* Your goal *
Once the pictures are set aside, retype the remaining entries exactly.

Dataset items
****************************************

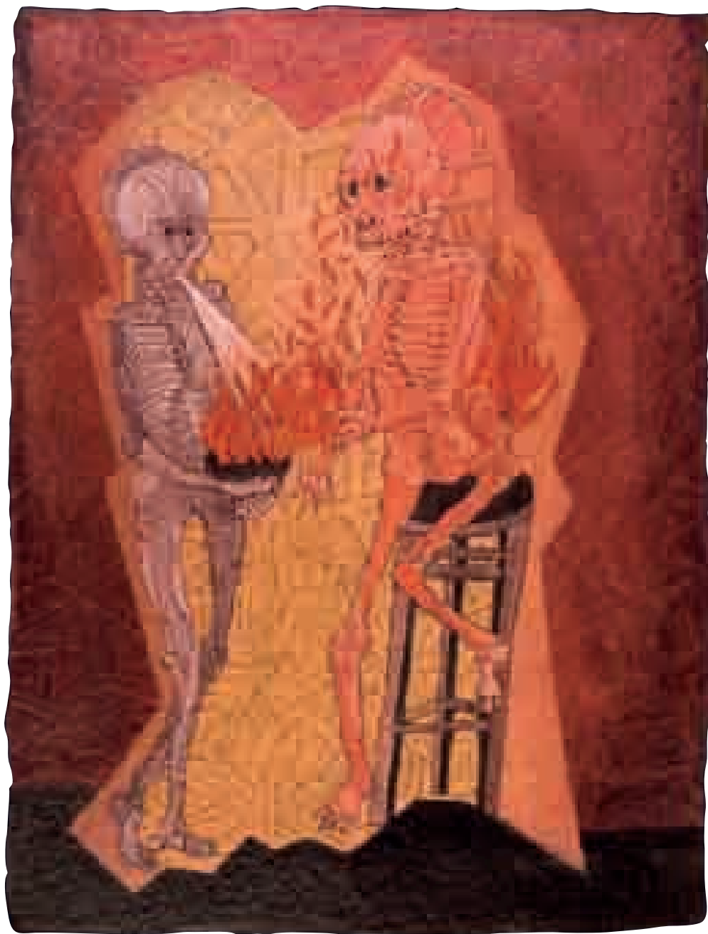
S/T | 1xxx | XX x XX cm. TÉCNICA MIXTA | PAPEL HECHO A MANO
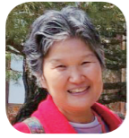
노인자 부원장 5차 108인 종로우수협회 대표
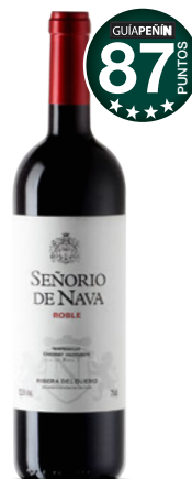
SEÑORÍO DE NAVA Roble 2016 D.O. Ribera del Duero.
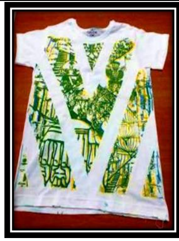
(٢ - ب) عمل طلابي (تيشرت)، طباعة شاشة حريرية.
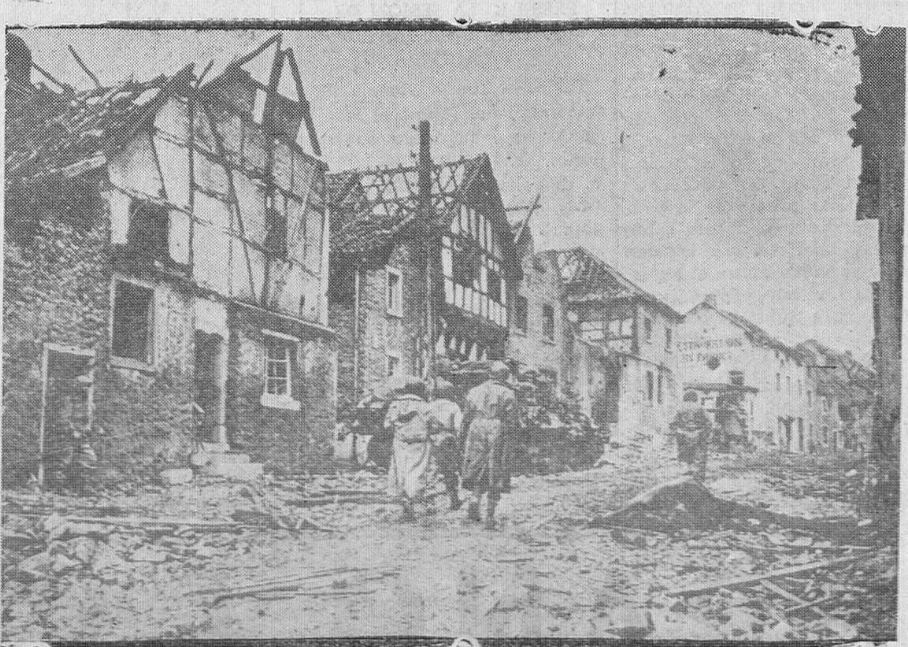
La fotografía recoge la impresionante realidad de una población belga, por donde pasó la guerra, con todo su cortejo trágico
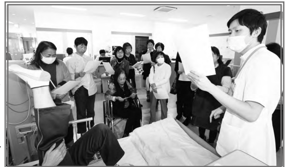
透析中の運動療法の説明を受ける女性部の皆さん

平成 28 年 11 月 22 日（火）に女性部が「城西病院」を訪問しました。参加者は 16 名でした。透析室・病棟・リハビリ室の見学。透析中の運動療法の説明を受け、実践しました。炭酸泉による治療体験もしました。隣接する「じょうさいグループホーム」も見学させていただきました。これからも、先進医療現場を視察して透析生活の向上ができることを会員の皆様に広めていきたいと思いました。
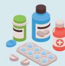
5. Medicamente expirate
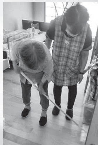
掃除の支援の様子

入居すると全部してもらえらると思われがちですが、食事以外の事は自分でする必要があります。一人では掃除などの家事をする事が難しい方にはヘルパーと一緒にいます。「掃除機はかけられないけれどモップがけはできる」「声かけをしてもらったら一緒にできる」など、できる家事を続けていける支援を心掛けています。
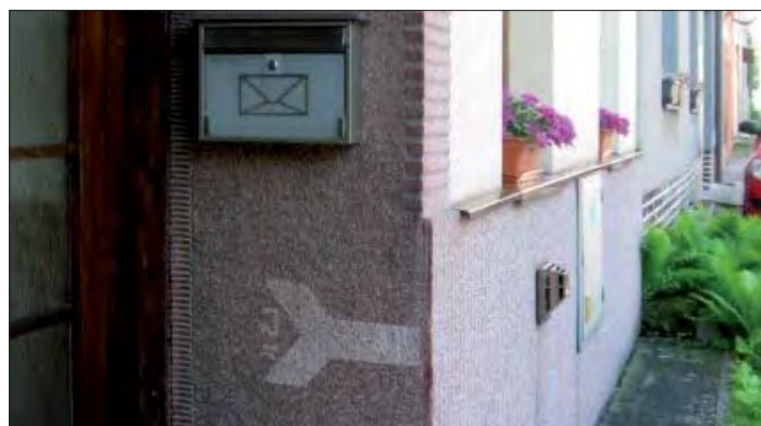
Třebčínská připomínka války.
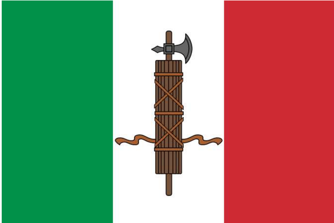
Italijos fašistų partijos vėliava
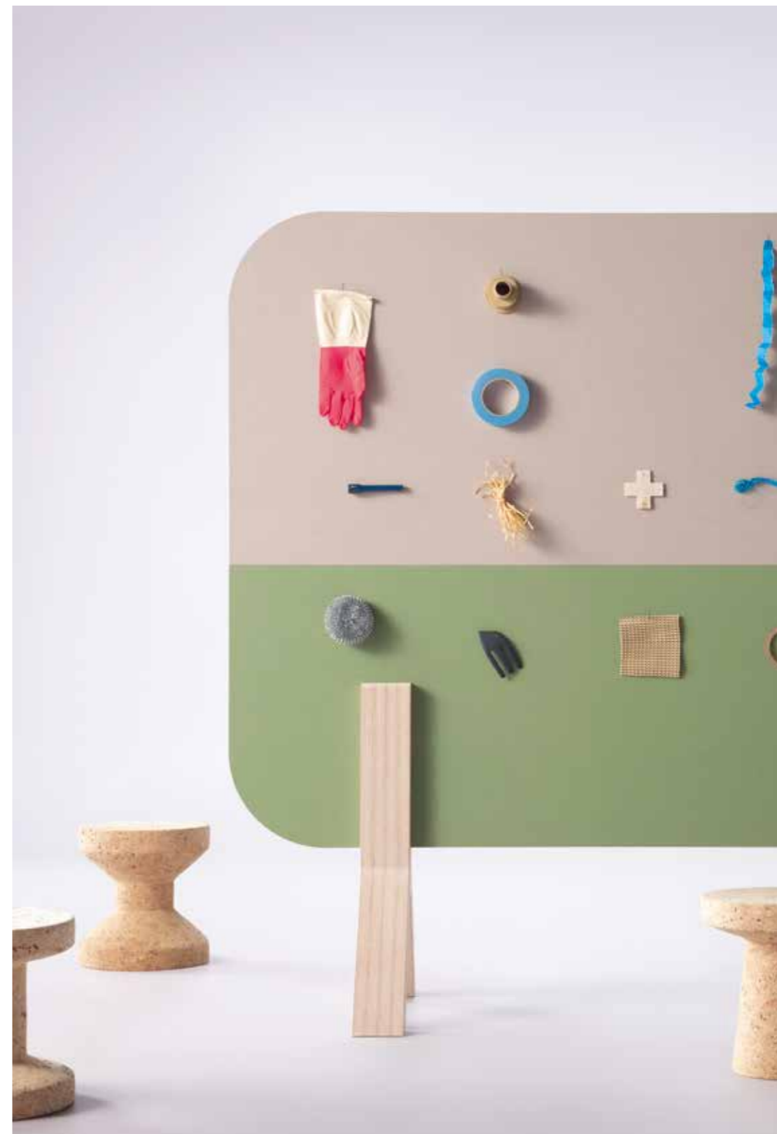
2187 | brown rice 2213 | baby lettuce 3363 | walton lilac

BULLETIN BOARD giver ideelle løsninger til det moderne bæredygtige kontormiljø, hvor skillevægge eller møbelementer kan bruges til at udveksle og samle information.
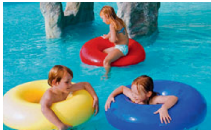
Felsenlandschaft im Swiss Holiday Park (Reka-Ferendorf), Morschach
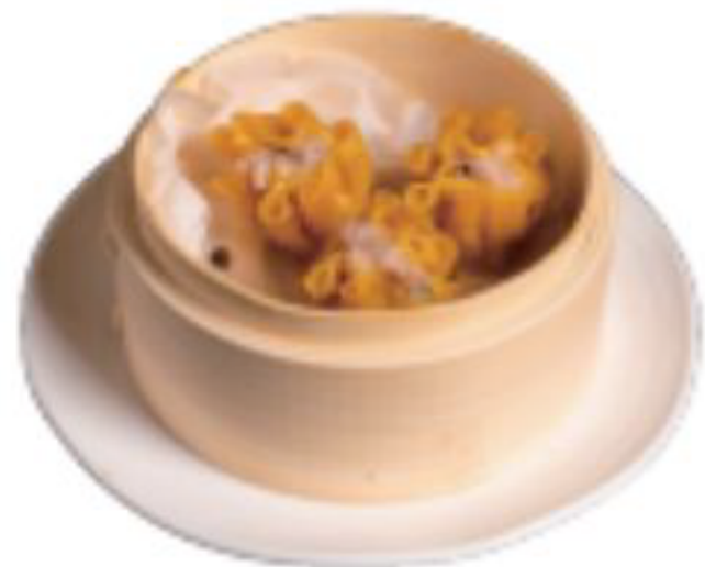
6/ SHAOMAI ravioli di gamberi e carne

****************************************

* Solution *
S/T | 1xxx | XX x XX cm. TÉCNICA MIXTA | PAPEL HECHO A MANO
노인자 부원장 5차 108인 종로우수협회 대표
SEÑORÍO DE NAVA Roble 2016 D.O. Ribera del Duero.
(٢ - ب) عمل طلابي (تيشرت)، طباعة شاشة حريرية.
La fotografía recoge la impresionante realidad de una población belga, por donde pasó la guerra, con todo su cortejo trágico
透析中の運動療法の説明を受ける女性部の皆さん

平成 28 年 11 月 22 日（火）に女性部が「城西病院」を訪問しました。参加者は 16 名でした。透析室・病棟・リハビリ室の見学。透析中の運動療法の説明を受け、実践しました。炭酸泉による治療体験もしました。隣接する「じょうさいグループホーム」も見学させていただきました。これからも、先進医療現場を視察して透析生活の向上ができることを会員の皆様に広めていきたいと思いました。
5. Medicamente expirate
掃除の支援の様子

入居すると全部してもらえらると思われがちですが、食事以外の事は自分でする必要があります。一人では掃除などの家事をする事が難しい方にはヘルパーと一緒にいます。「掃除機はかけられないけれどモップがけはできる」「声かけをしてもらったら一緒にできる」など、できる家事を続けていける支援を心掛けています。
Třebčínská připomínka války.
Italijos fašistų partijos vėliava
2187 | brown rice 2213 | baby lettuce 3363 | walton lilac

BULLETIN BOARD giver ideelle løsninger til det moderne bæredygtige kontormiljø, hvor skillevægge eller møbelementer kan bruges til at udveksle og samle information.
Felsenlandschaft im Swiss Holiday Park (Reka-Ferendorf), Morschach
6/ SHAOMAI ravioli di gamberi e carne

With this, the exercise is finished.